Sunday, June 23, 2013

Double Deal (1950)

Richard Denning is a petroleum engineer who comes to bring in a gusher for Carleton Young. He meets Marie Windsor at a high stakes craps game going on in a bar. He finds out that James Griffith was using loaded dice to beat Young and goes to bat for him. Young asks him to work to bring in his well, but warns him that he will have to fight his sister (Fay Baker), who runs the town. Baker tells Griffith that she does not want the well to come in. She holds a grudge against her brother because he hit one of her boyfriends in a fight, and he never regained consciousness. She decides to take the feminine approach with Denning and invites him to dinner, but he will not play along. So, Baker sicks her thugs on him, who tell him to get out of town after they work him over.

Then Denning finds Young dead in his room, just before the police walk in. It is a frame, but the coroner's evidence exonerates him. He packs to leave, but Windsor talks him out of it, telling him that Young left his entire estate to her, so she owns the well and the ranch. They get the local drunk, a lawyer called "Corpus" (Taylor Holmes), to draw up a partnership agreement. Holmes tells them that Baker has to get her oil across their land. They are under a time deadline on the well, and no oil is appearing in the samples. In the meantime the money has run out and they are going into debt - but Denning does not want to quit.

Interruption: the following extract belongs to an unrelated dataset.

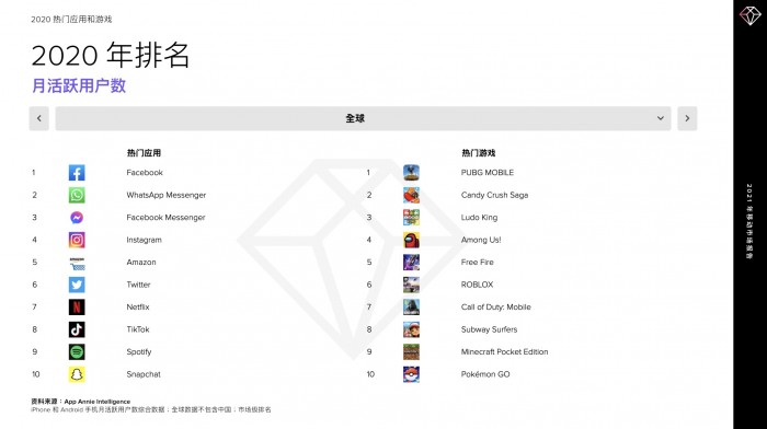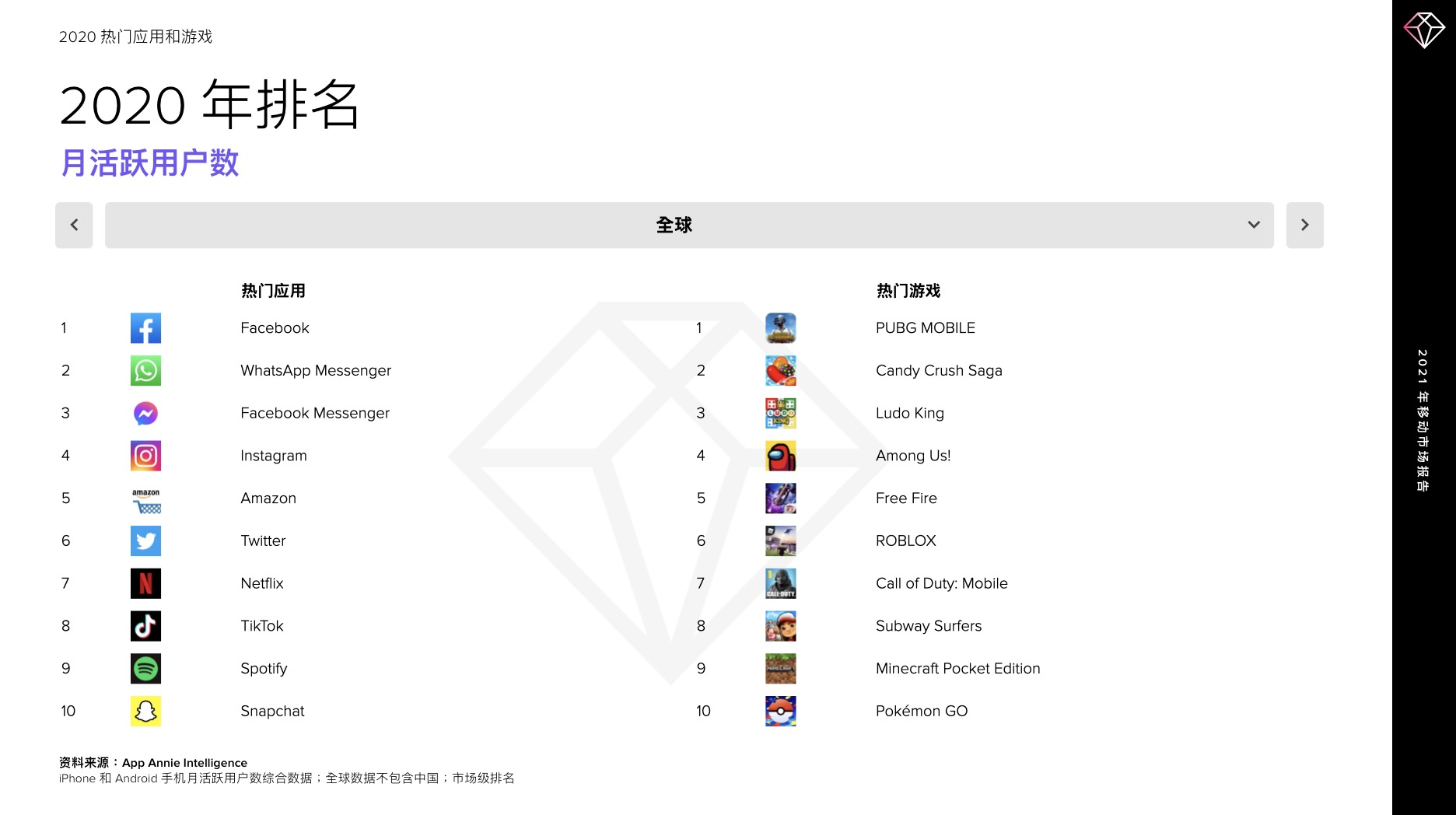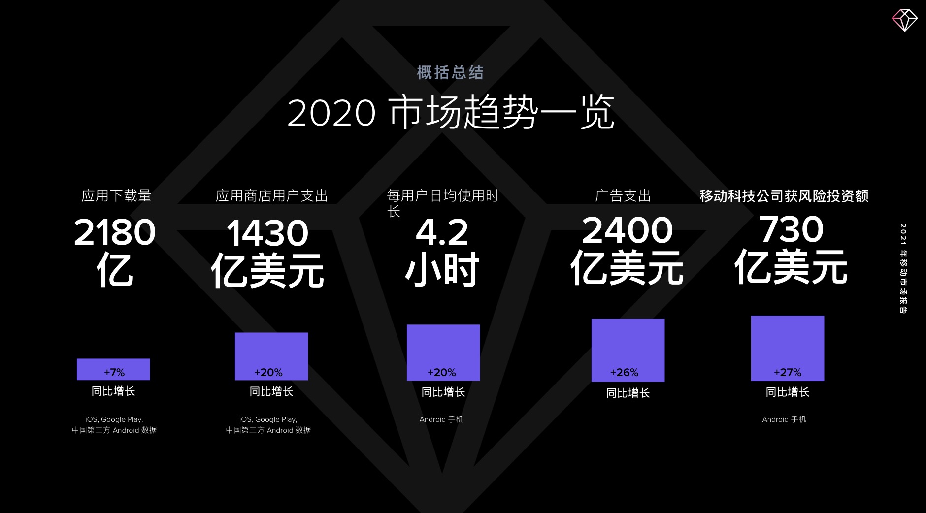 App Annie 发布了《2021 年移动市场报告》。这份年度报告分析了移动设备对各行业和全球经济的广泛影响。2020 年,随着新冠肺炎疫情席卷全球,消费者使用移动设备来保持联系、工作、学习、娱乐和放松,移动设备使用量加速增长。

Baker sends her thugs to sabotage the well. They do not stop it, but the repairs do cost money they cannot afford. Griffith and Baker quarrel after she demeans him for not doing the job successfully. Holmes suggests Denning and Windsor try to work a deal with Baker - money in exchange for pipeline easement. After Windsor has left her unsuccessful interview with Baker, someone shoots Baker. Griffith comes in just after it has happened and assumes Windsor did it. She is released, but is in fear for her life that the real killer will come after her. The killer turns out to be Holmes, who forces her at gun point to the ranch. Holmes owned all the land in years past, but it was given to others when his leases ran out. Griffith comes in with a gun, but a pet monkey diverts his attention and Holmes shoots him. Then Denning arrives to try to get Holmes dried out in order to get his legal help. Holmes hides the body and puts a rug over the blood on the floor. He tells Denning that Windsor is in town. About that time the police are figuring out that Holmes is the culprit, and the monkey climbs out the window into Denning's car with blood on him. He gets suspicious and climbs back in a window to find Griffith's body. There is a tense face-off in a dark cellar, and the police arrive just in time.

The well finally comes in - a gusher - with some pretty impressive photography at the end.